Let’s create the datasets of sample distributions:

num_replc <- 1000

# Replicate this code 1000 times
samp_distribution_5 <- replicate(n = num_replc, 
  expr = attrition_pop %>%
    slice_sample(n = 5) %>%
    summarise(mean_attrition = mean(Attrition == "Yes")) %>%
    pull(mean_attrition), simplify = FALSE
)

# Store mean attritions in a tibble in a column named sample_mean
samp_distribution_5_tibl <- tibble(replicate = 1:num_replc, mean_attrition = unlist(samp_distribution_5))
samp_distribution_5_tibl

# For 50 samples
samp_distribution_50 <- replicate(n = num_replc, 
  expr = attrition_pop %>%
    slice_sample(n = 50) %>%
    summarise(mean_attrition = mean(Attrition == "Yes")) %>%
    pull(mean_attrition), simplify = FALSE
)
samp_distribution_50_tibl <- tibble(replicate = 1:num_replc, mean_attrition = unlist(samp_distribution_50))
samp_distribution_50_tibl

# For 500 samples
samp_distribution_500 <- replicate(n = num_replc, 
  expr = attrition_pop %>%
    slice_sample(n = 50) %>%
    summarise(mean_attrition = mean(Attrition == "Yes")) %>%
    pull(mean_attrition), simplify = FALSE
)
samp_distribution_500_tibl <- tibble(replicate = 1:num_replc, mean_attrition = unlist(samp_distribution_500))
samp_distribution_500_tibl
# Calculate the mean across replicates of the mean attritions in samp_distribution_5_tibl, samp_distribution_50_tibl, samp_distribution_500_tibl
mean_of_means5 <- samp_distribution_5_tibl %>%
  summarise(mean_mean_attrition = mean(mean_attrition))

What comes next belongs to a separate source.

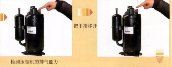 首先,將壓縮機卸下, 加電使其運轉,用手指堵住壓縮機的排氣孔片刻, 再將手指移開。 由于壓縮機內有壓力, 所以當用手堵住壓縮機的排氣孔時, 應感到有排氣壓力;當把手指移開時, 可以聽到 “呲呲的排氣聲, 而且排氣壓力正常的壓縮機,應很難堵住壓縮機排除的氣體,這表明壓縮機性能良好。如果用手堵住排氣管時感覺不到壓力, 將手指移開時,聽不到排氣聲, 則說明該壓縮機性能不良。如下圖所示: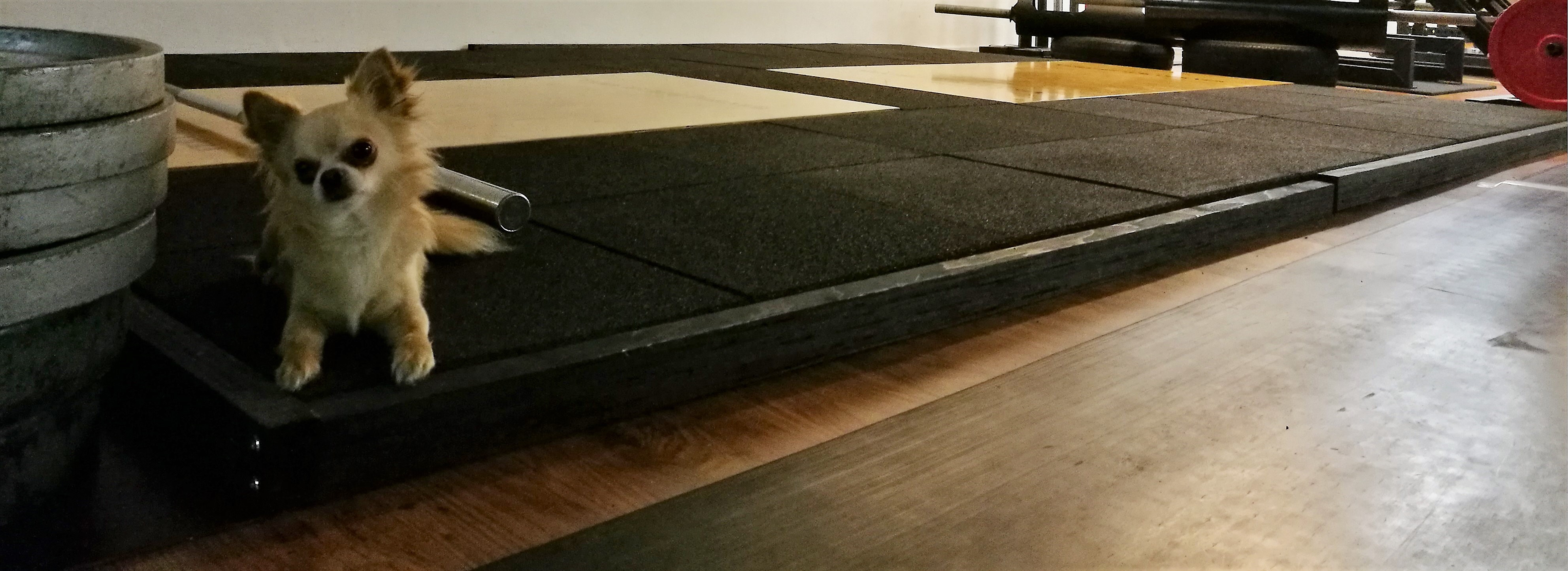 Sitten siirrytään taas salin vasempaan laitaan, josta löytyy kaksi kappaletta nostolavoja sekä yhdet kyykkytelineet. Isommalla nostolavalla on mittaa 4,5m x 3m ja pienemmällä lavalla 3m x 2m. Salin oikealta puolelta vastaavassa kohdassa löytyy kaksi kappaletta penkkipunnerruspenkkejä sekä dippiteline.

mean_of_means50 <- samp_distribution_50_tibl %>%
  summarise(mean_mean_attrition = mean(mean_attrition))

mean_of_means500 <- samp_distribution_500_tibl %>%
  summarise(mean_mean_attrition = mean(mean_attrition))

mean_of_means5
mean_of_means50
mean_of_means500

Population and sampling distribution variation

You just calculated the mean of the sampling distribution and saw how it is an estimate of the corresponding population parameter. Similarly, as a result of the central limit theorem, the standard deviation of the sampling distribution has an interesting relationship with the population parameter’s standard deviation and the sample size.

sd_of_means5 <- samp_distribution_5_tibl %>%
  summarise(sd_mean_attrition = sd(mean_attrition))

sd_of_means50 <- samp_distribution_50_tibl %>%
  summarise(sd_mean_attrition = sd(mean_attrition))

sd_of_means500 <- samp_distribution_500_tibl %>%
  summarise(sd_mean_attrition = sd(mean_attrition))

sd_of_means5
sd_of_means50
sd_of_means500
coffee_focus <- coffee_ratings %>%
  select(variety, country_of_origin, flavor) %>%
  rowid_to_column()
Error in select(., variety, country_of_origin, flavor) : 
  object 'coffee_ratings' not found

Resample with slice_sample()

To sample with replacement, you call slice_sample() as usual, but set the replace argument to TRUE. Setting prop to 1 gives a sample with the same size as the original dataset.

Repeated coffees

Counting the rowid shows how many times each coffee ended up in the resampled dataset. Some coffees are present five times in the new dataset.

Missing coffees

That means that some coffees didn’t end up in the resampled dataset. By taking the number of distinct row IDs in the resampled dataset using dplyr’s n_distinct, you can see that 834 different coffees were included, and 505 coffees weren’t included.